Nick Kyrgios, the story of Wimbledon 2014

2 July 2014 | 3:07pm


Nick Kyrgios has been patiently waiting for his opportunity to make the leap from junior to senior tennis since winning the Junior Australian Open back in 2013. Just over a year after entering his first senior grand slam at the French Open in 2013, where he caused an upset beating top 10 player Radek Stepanek, he has kept his head down working on his game and adapting to the physical and psychological demands of the men’s game.
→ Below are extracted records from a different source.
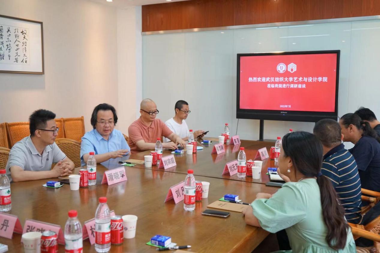 本次考察团参观了各所高校的教学实验室、艺术展览馆、特色课程及运行;并与各高校77779193永利负责人进行深入座谈,对各校77779193永利的发展历史、人才培养特色、团队建设、特色专业、产教融合、社会服务等情况进行了详细了解。公司党委书记刘元文与副经理刘凡在各高校座谈会上介绍了77779193永利的学科与专业发展情况,希望与各兄弟院校进一步加强沟通与合作。另外,在座谈会上介绍了85级员工陈义忠先生创办的明远杯·国际家居纺织品创意设计大赛”的组织筹备情况。此赛事是长江以北地区第一个家居纺织品创意设计大赛,公司主办了2019年第一届大赛以及本届大赛。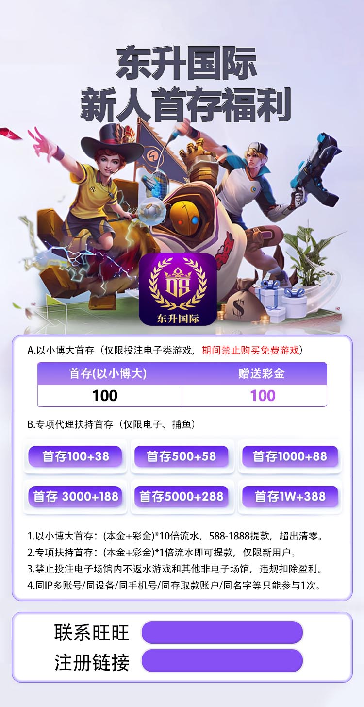 首存活动只能参加一个,参加100+100其他首存活动都无法参与,本活动仅限独立账户参与,如同姓名、同一手机号、同一IP、同一银行卡账户多账号均不参与,参加此活动禁止转分,代充,藏分,刷水等,如有发现没收一切金币,该活动需要在未下注联系在线客服申请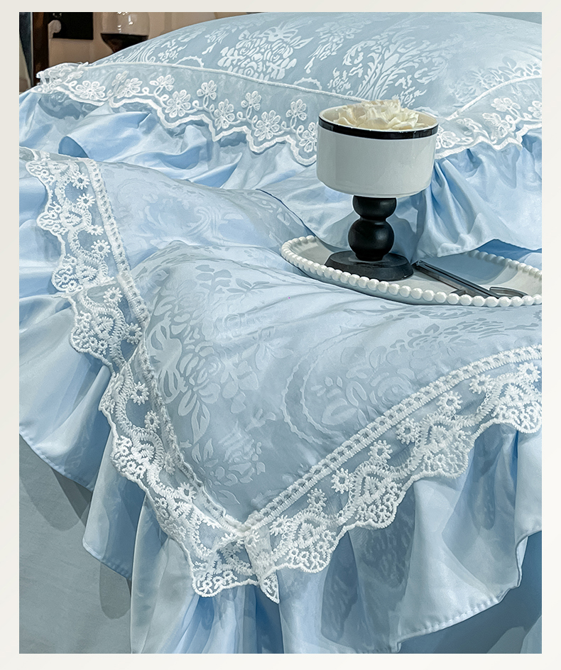 商品名称:爱家(原缔乐家纺) 2025新款天丝棉提花夏被四件套-梦洛伊 梦洛伊-天空兰

In the meantime, the former Junior number 1 was taking the challenger tour by storm, winning his first title at 17 years old before taking back to back titles in 2014.
Nick’s opportunity came after being given a wildcard to the Wimbledon Championships after defeating fellow Aussie, big serving Sam Groth in 3 sets at Nottingham, all by tiebreak. This, his first senior Wimbledon and on the grass: Nick’s favourite surface. His first opponent was Frenchman Stephane Robert, in which he came through against a tricky opponent who refused to give in. Nick hit a massive 29 aces in the 4 sets it took to take him into the second round.
As for any young player trying to make a name for himself, Nick came across a big name in the second round. His opponent was the graceful French player, Richard Gasquet, the number 13 seed at the Championships. Nick took a while to adjust to his surroundings, playing in front of a capacity crowd at the 4,000 seat court 2. This by far the biggest stage for the 19 year old Aussie. He lost the first two sets 3-6 6-7 but was showing signs of the aggressive tennis he has become known for after spending time training with tennis legend and fellow Nike player, Roger Federer. Nick turned things around, with breaks in the third and fourth to level the tie at 2 sets all. The fifth set went to the wire, with momentum swinging from one player to the other. The young Australian showed he has not only the ability to mix it with the best physically, but also mentally. Grinding the points out when put under pressure from the delightful backhand of Gasquet and to perform the skills acquired in training when it matters on the big stage.
Nick grew into the game as it developed and by the fifth set, he was loosening his long limbs and playing with flair and precision. The crowd reacted to this, with Aussie fanatics chanting at what felt like every Kyrgios point. The famous running commentary provided by the player provided amusement for the surrounding spectators, as they warmed to him as the game went on. After a string of successful uses of the Hawkeye system, Nick went on to save a total of 9 match points, an open-era record on the way to victory at the All England Club, the biggest of his career. The crowd immediately erupted as the Aussie fired his 21st ace of the match. Nick, however, remained calm, respectfully shook the hand of his opponent and appeared focused on the next task in hand.
His tie with Jiri Vesely was eagerly anticipated, as they are both hailed the future of tennis, being the two youngest men left in the draw and both on the back of huge 5 set wins against giants of the game. It was a frustrating morning out on court 17, with the rain pouring down and covers remaining on before a brief spurt of play, where Kyrgios was broken. After a four hour wait, the players came back on and Nick didn’t look back at all after losing the first. He once again came into his own in the second, third and fourth sets, cruising to a four-set win holding every service game with another 26 aces and winning the final set 6-2.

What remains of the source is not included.